Despite all these efforts, however, there are concerns regarding government regulations that may indirectly push migrant workers to be trafficked. The Family Background Report (FBR) has been cited by both the Trafficking in Persons (TIP) report in 2018 and others as increasing the likelihood of women being trafficked.
The government maintained specific requirements for migration of female migrant workers including those migrating for domestic work, which observers stated increased the likelihood women would migrate illegally and therefore heightened their vulnerability to human trafficking (UNODC, 2018).

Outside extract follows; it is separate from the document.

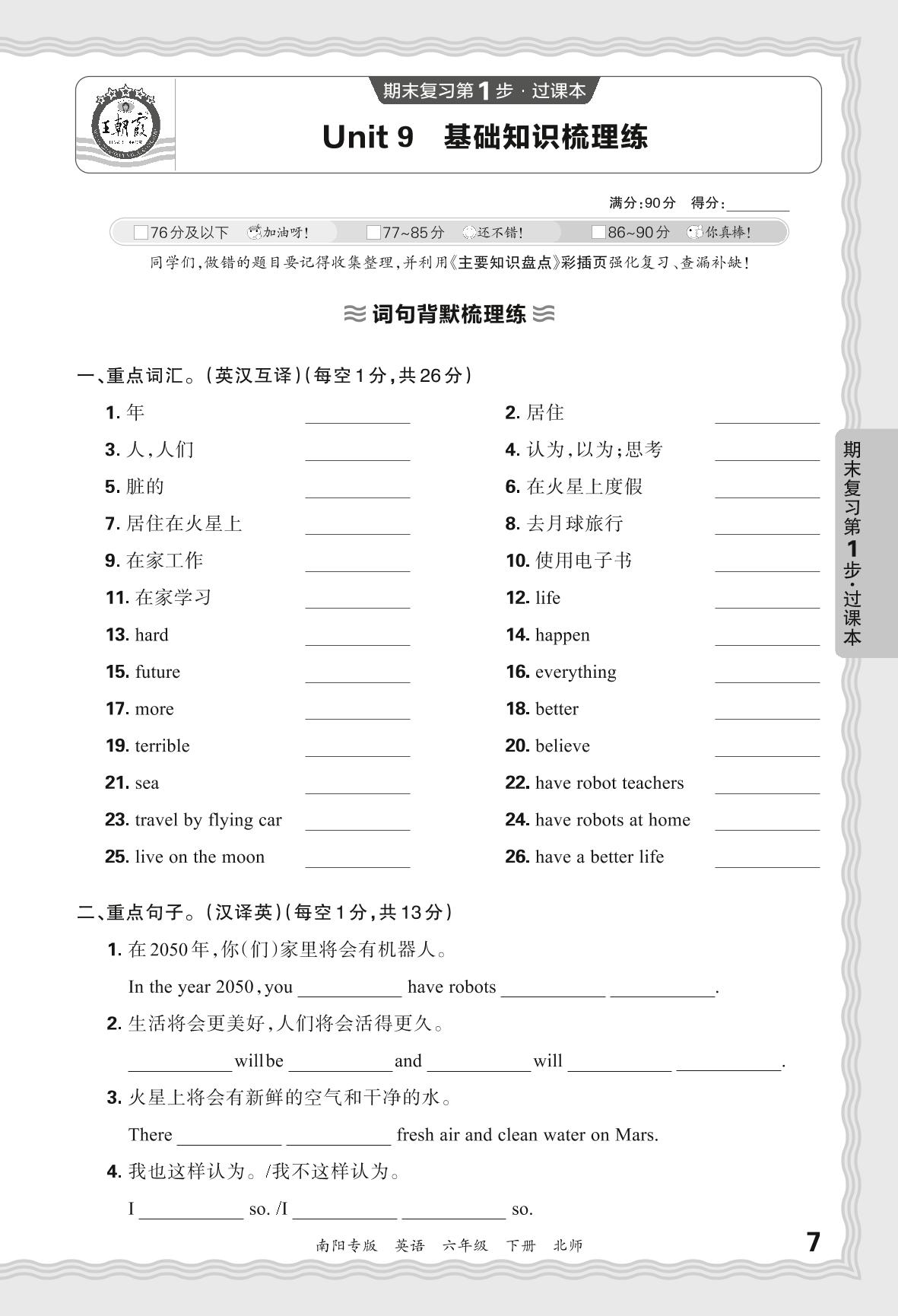 2024春下册六年级英语北师版 期末过课本南阳版·Unit 9 基础知识梳理练

With several major efforts currently underway to address this key issue, the ILO Office for Sri Lanka and the Maldives commissioned the Centre for Poverty Analysis (CEPA) to carry out a scoping study to examine the presence (and the nature) of human trafficking and forced labour in the international labour migration process. The remainder of the report details the methodology, literature review, and the findings of the study. In light of the current scope of work being carried out to address human trafficking within the international labour migration process, it is expected that the findings will help better design and target prevention and protection efforts to counter trafficking and forced labour.
The forced labour indicators drawn up by the ILO on the basis of The Forced Labour Convention, 1930 (No. 29), are more useful. Rather than viewing forced labour as an element arising out of human trafficking, human trafficking is embedded within forced labour. These indicators thus reflect a spectrum of actions that are exploitative in nature and include, abuse of vulnerability, deception, restriction of movement, isolation, physical and sexual violence, intimidation and threats, retention of identity documents, withholding of wages, debt bondage, abusive working and living conditions, and excessive overtime.